Santa Rosa National Park beckons with brain food for history buffs, campsites for backcountry nature lovers and magnificent, out-of-the-way waves for adventurous surfers. Well off Costa Rica’s beaten tourist path, in the northwestern corner of the country, Santa Rosa offers a potholed adventure where iguanas skirmish across the dry forest floor and where U.S. filibuster William Walker’s legacy is preserved in an old dusty ranch.
It’s also home to world-class surfing destination Witch’s Rock, where mighty offshore winds sweeping in from across nearby Lake Nicaragua clash with cavernous tubes of water in a splashy spectacle that will leave the surliest surfer with a smirk.
No matter where you’re coming from, be it Liberia, San José or the Nicaraguan border, Santa Rosa is a bit of a drive. And once you’re inside, it’s guaranteed to be a pothole-ridden expedition, albeit beneath blue Guanacaste skies.
Some of the roads in the national park, particularly the 13-kilometer stretch to Witch’s Rock, define “rugged,” and may be the rocky road adventure you’re looking for.
The beach at Witch’s Rock is desolate, desert-like. Powerful winds sweep sand across the beach’s surface like snow creeps across a windswept highway in the depths of a northern winter.
The wind is unbearable. It’s hard to stand up in, and it will snatch your surfboard right from beneath your armpit if you’re not sturdy. But all this makes for surfing perfection.
The wind pushing against the breaking waves seems to suck the power out of what appear, to the untrained eye, to be hulking waves. Their faces disintegrate into thin air, creating a spray that shoots back behind the wave for meters and meters. What start out as seemingly destructive walls of water are whittled away by wind in what seems like slow motion.
The rock is about a 15-minute walk from the beach campsite, where a few surfers slung in hammocks pat on bongo drums and strum guitars.
Getting there, from the park entrance, will require an exhausting two-hour drive that demands a four-wheel-drive vehicle and a prostate gland that is not already swollen. It’s a grueling trip, though well worth it. Making the round trip in one day is particularly tiring.
More accessible is La Casona, as it’s known, where mercenaries of the aspiring U.S. colonizer William Walker ran into Costa Rican forces in a short-lived but legendary skirmish known as the Battle of Santa Rosa in 1846.
Walker’s men had somehow managed to take over the colonial hacienda, and when Costa Rica got word, troops were sent to defend its territory just a few kilometers from the Nicaraguan border.
It was the battle that made a national hero of Juan Santamaría, the drummer boy who was shot as he attempted to set the ranch home ablaze with Walker’s men inside.
For a peaceful country with what some consider an uneventful history compared to the dramatic pasts of its neighbors, La Casona is a reminder that even the “Switzerland of Central America” has had to fight its fights.

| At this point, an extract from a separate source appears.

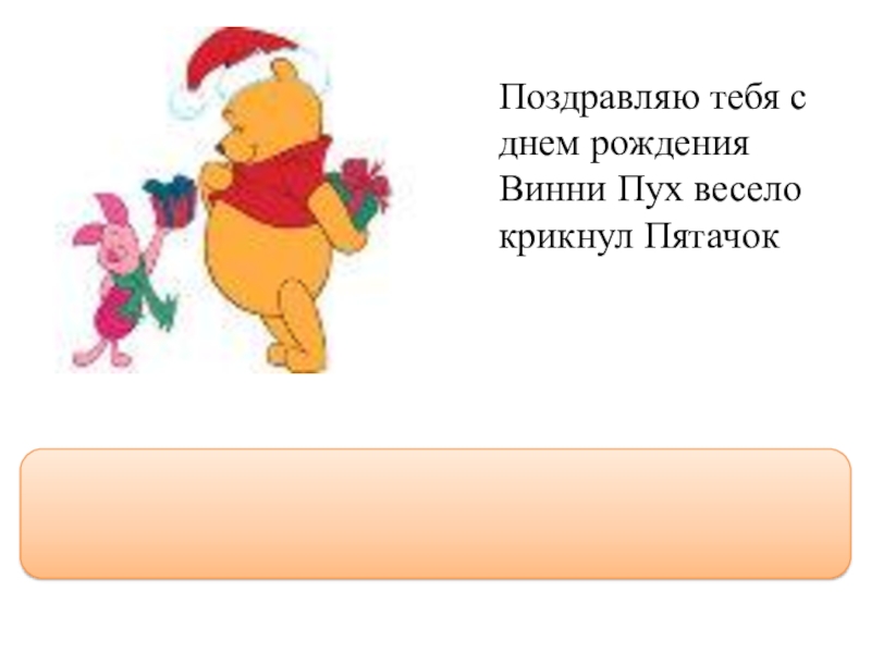 Слайд 10Поздравляю тебя с днем рождения Винни Пух весело крикнул Пятачок

“He who invades Costa Rica with distorted intentions doesn’t get past Santa Rosa,” reads a quote by former President Francisco Orlich on a plaque outside the villa.
The home is being renovated with new floors and patchwork on the walls, says renovation project director Alfonso Faerron. It’s the first renovation the historical site has undergone since 2000, when a hunter, angered by the ban on hunting in the national park, set the place ablaze and damaged as much as 80% of the home.

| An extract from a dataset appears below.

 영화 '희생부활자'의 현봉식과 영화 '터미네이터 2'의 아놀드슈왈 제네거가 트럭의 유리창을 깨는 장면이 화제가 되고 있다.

Getting to Santa Rosa National Park
From Liberia, Santa Rosa is about two hours to the north, off a tiny road on the left-hand side, about 35 kilometers before La Cruz. It’s best to come with a car, as it is several kilometers from the park entrance to La Casona and Witch’s Rock.
Park guards say no more than 20 people make it to Witch’s Rock a day, though surf tour guides from the Guanacaste tourist destinations of Playas del Coco and Tamarindo bring in surfers almost daily to the surf spot.